Anaheim Area Blog

A History of Sunset Boulevard

 

Arguably one of the most famous landmarks in southern California, few can say why Sunset Boulevard is so well-known. It’s located in central and western L.A. County, stretching from the Pacific Coast Highway to Figueroa Street in downtown. At 22 miles long, it’s a lovely and relatively short trip, but takes drivers through notorious mountainous spots that hug the Los Angeles Basin. In the 1780s, what’s now Sunset Boulevard was a cattle trail from Pueblo de Los Angeles to the Pacific Ocean.

It’ll take you from downtown to Hollywood, heading west before slightly curving to the Pacific. Take Sunset Boulevard past Echo Park, Los Feliz and Silver Lake before reaching Hollywood and Beverly Hills. It’s also in Bel-Air, hugging UCLA’s Westwood campus boundary. Finally, it reaches the Pacific Palisades and Brentwood.

A Ride to Remember

Sunset Boulevard is known for its curves, sometimes treacherous to the unfamiliar. At its widest, it offers four lines, but is often congested like much of L.A. In the past, it went farther east, reaching into the historic regions of downtown. However, that area has been re-dubbed Cesar Chavez Avenue as of 1994.

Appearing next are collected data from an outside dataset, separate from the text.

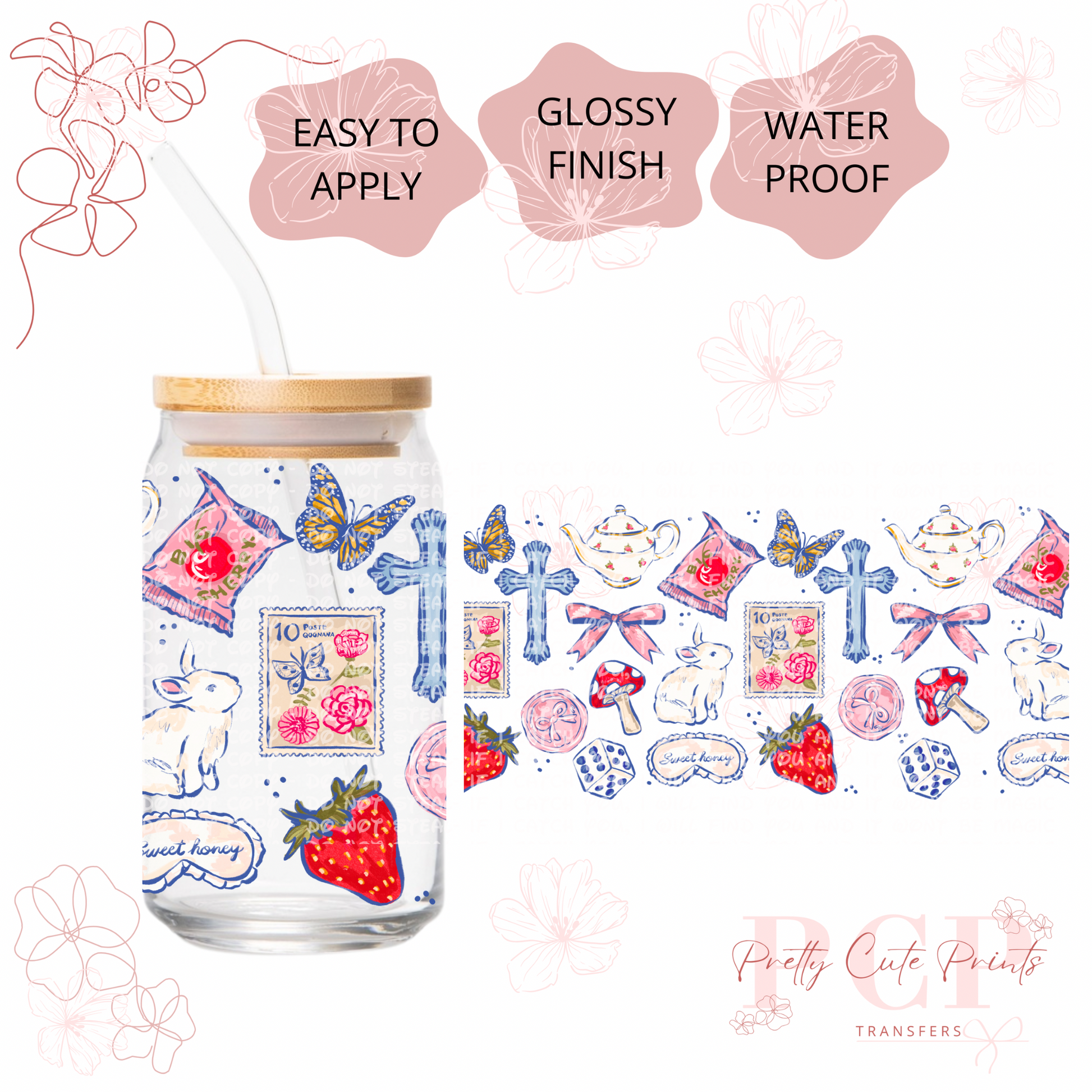 Measurements are 9.5 by 4.25” inches Introducing our latest innovation, the UV-DTF for 16 oz cups. This high-quality printing solution guarantees vibrant and eye-catching colors that are sure to impress. The best part? No heat is needed during the application process, making it a hassle-free and efficient option. Our UV-DTF is not only permanent and waterproof, but it is also incredibly easy to apply. Whether you're looking to start your own business or simply add a unique touch to your existing products, our UV-DTF is perfect for you. Wholesale options are available, making it an ideal choice for bulk orders. Detailed instructions are provided to ensure a seamless application process. However, please note that we are not responsible for any misuse of the product. If you have any questions or need assistance with the application, please don't hesitate to reach out to our dedicated support team. All sales are final, so make sure to make the most of this incredible offering today!
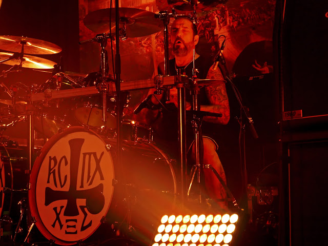 Ondanks de naam zijn de traditionele lyrische thema's van de band met betrekking tot het kwaad en occultisme geëvolueerd naar een meer "mystiek" pad en ze hebben hun muzikale richting op elk album gewijzigd, gebruik makend van elementen zoals zuivere melodische baritonzang, doom, gothic metal en industriële muziek kenmerken, mannelijke / vrouwelijke benedictijnse gezangen. Vanaf de eerste klanken van Aealo is het publiek in de volle zaal in trance. Aealo is de transcriptie van het Oudgriekse woord 'ΕΑΛΩ'' in het Latijnse alfabet. Het betekent catastrofe of vernietiging, en weerspiegelt de muzikale en tekstuele inhoud van het laatst uitgebrachte album "Pro Xristou". De vier heren pakken de aanwezigen al snel in met hun hypnotiserende en krachtige metal. Door het uitstekende geluid zijn alle instrumenten en zang erg zuiver. Sakis Tolis is inmiddels 52 jaar, maar de gitaar spelende frontman van Rotting Christ oogt nog net zo gedreven als bijna 40 jaar geleden. Hij is constant bezig met het publiek en weet de boel ook flink op te zwepen. Het geluid is knalhard maar zuiver en er zijn diverse flinke moshpits. De band moedigt de aanwezigen aan om de vuist in de lucht te steken en mee te klappen. Het was vanavond in de uitverkochte Pandora genieten geblazen van een zeer geslaagde avond. Ze hebben vast veel zieltjes gewonnen, die van mij zeker! Bij de toegift "Noctis Era" ben ik al wel vast gaan lopen, morgen weer heel vroeg uit mijn mandje namelijk.
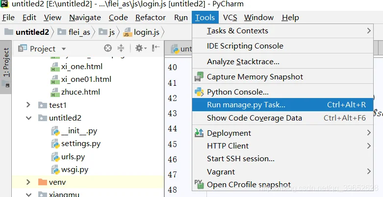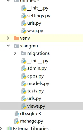 不是xiangmu里的urls.py文件,而是untitled2中的urls.py文件
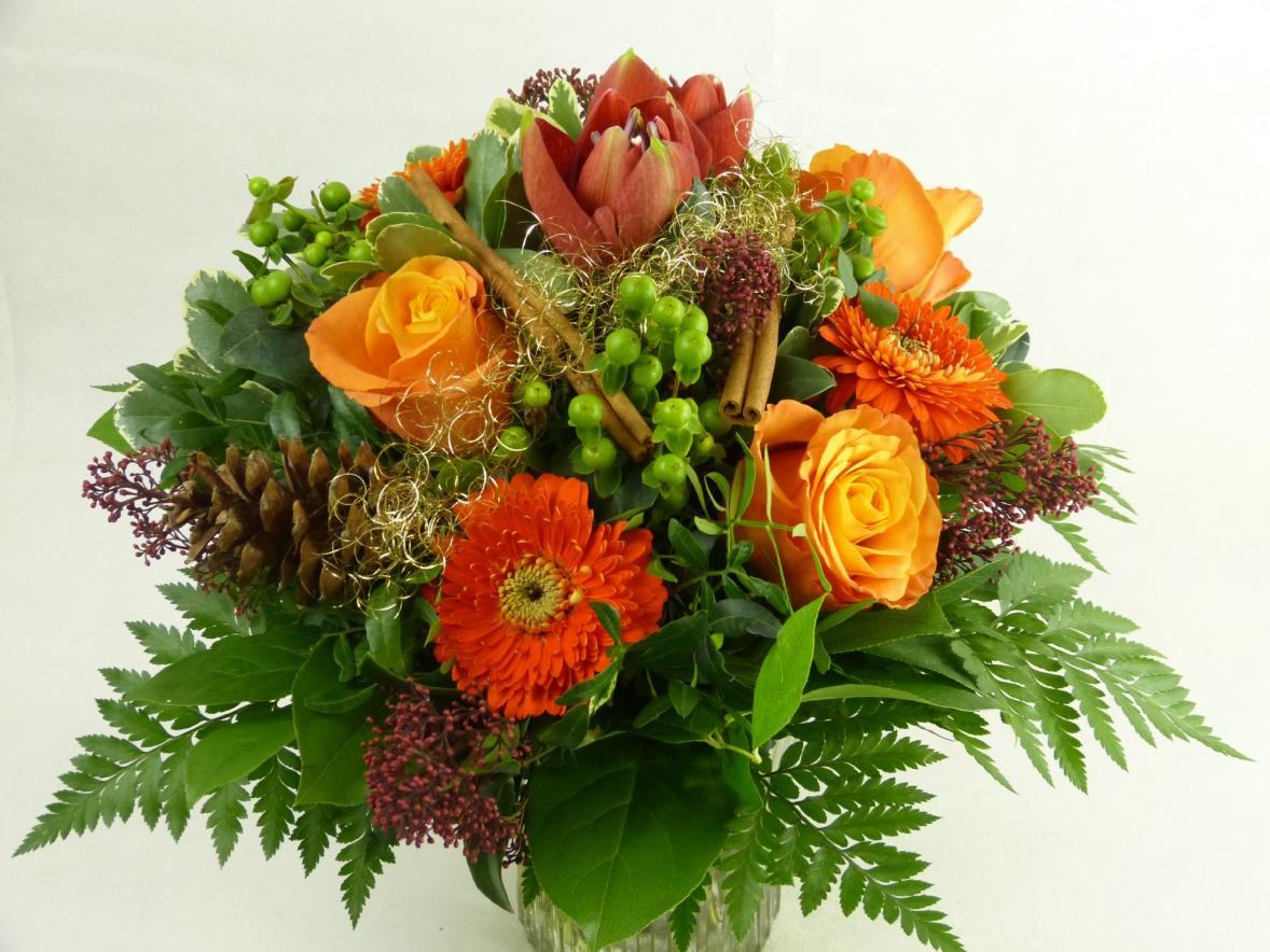 Ein kurz gebundener Strauß mit Rosen, Germini, Amarillys, Hypericum, Skimmie, Efeu, Salal, Zapfen, Zimt und Engelshaar.

Since the 1950s, Sunset Boulevard has been known for its thriving nightlife, and in the 70s it unfortunately became famed for seedy activity. However, other parts of the boulevard are known at Guitar Row thanks to the influx of guitar shops and music industry stores. Today, it’s well worth the 22 mile drive, including a stop at 4334 W. Sunset Boulevard to see the mural of Elliott Smith where fans leave messages to their hero.